# TO DO:
Write the data out again, character for character, with no images.

# DATASET SECTION:

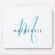 Elegant Modern White Sky Blue Script Monogram Mouse Pad. An elegant sky blue script monogram combined with a clean black san-serif font makes for a contemporary look.
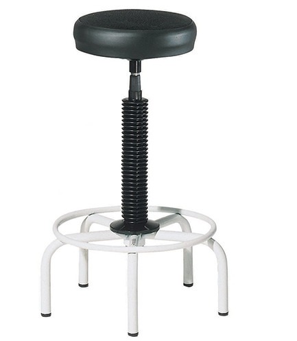 Taburetes con estructura metálica y base de 5 pies. El asiento (simil piel), se regula mediante husillo giratorio. Fácil montaje. Medidas producto (ancho/ largo/ profundidad): 46x60-70x46 cm
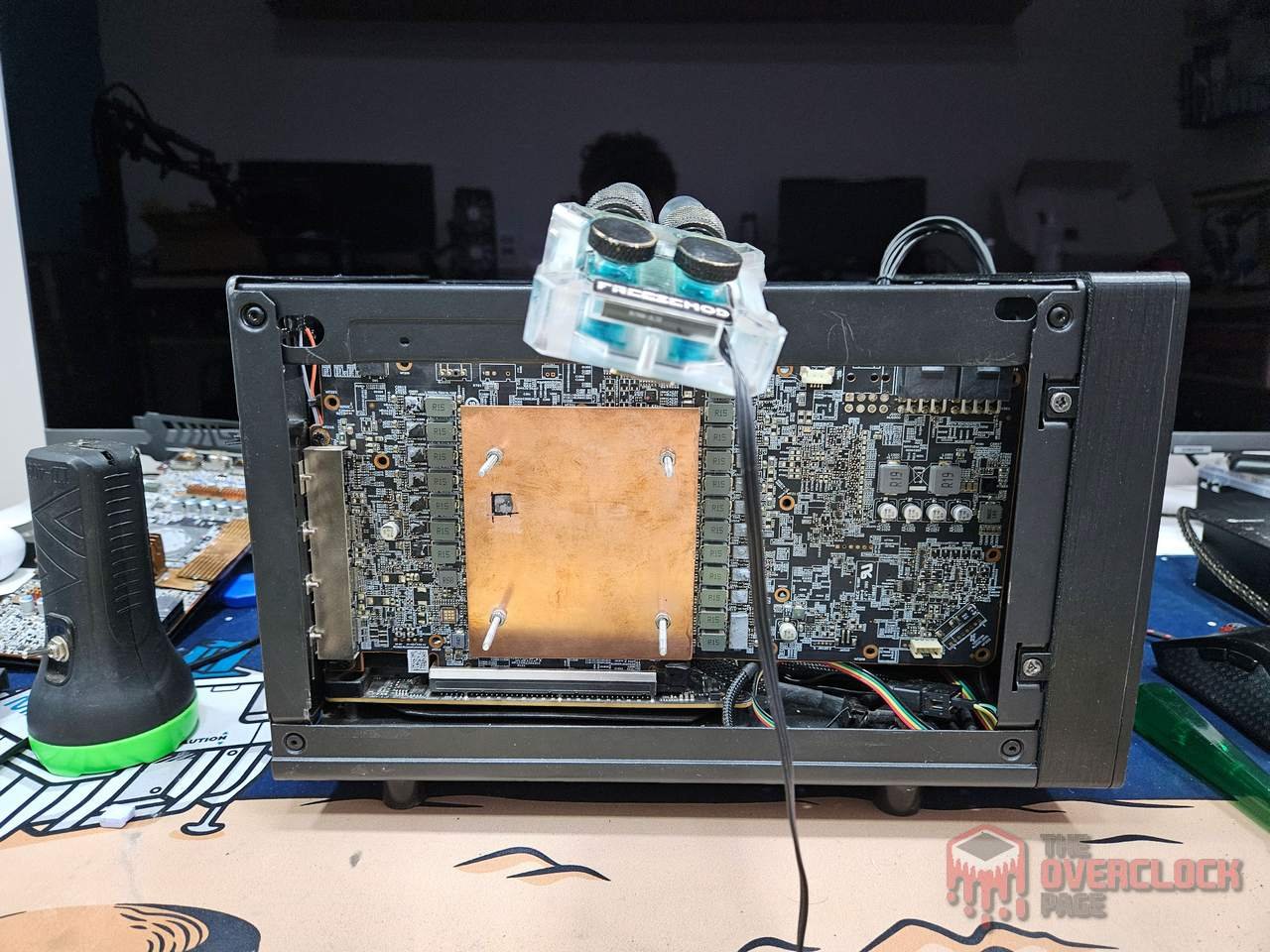 Unlike EVGA, which opted for a protrusion on the base of the block to allow direct contact with the GPU, here a 1.5mm copper plate was used to make contact both with the GPU’s die and memory chips, with the block handling heat dissipation through it.

# TASK RESULT:
 Elegant Modern White Sky Blue Script Monogram Mouse Pad. An elegant sky blue script monogram combined with a clean black san-serif font makes for a contemporary look.
 Taburetes con estructura metálica y base de 5 pies. El asiento (simil piel), se regula mediante husillo giratorio. Fácil montaje. Medidas producto (ancho/ largo/ profundidad): 46x60-70x46 cm
 Unlike EVGA, which opted for a protrusion on the base of the block to allow direct contact with the GPU, here a 1.5mm copper plate was used to make contact both with the GPU’s die and memory chips, with the block handling heat dissipation through it.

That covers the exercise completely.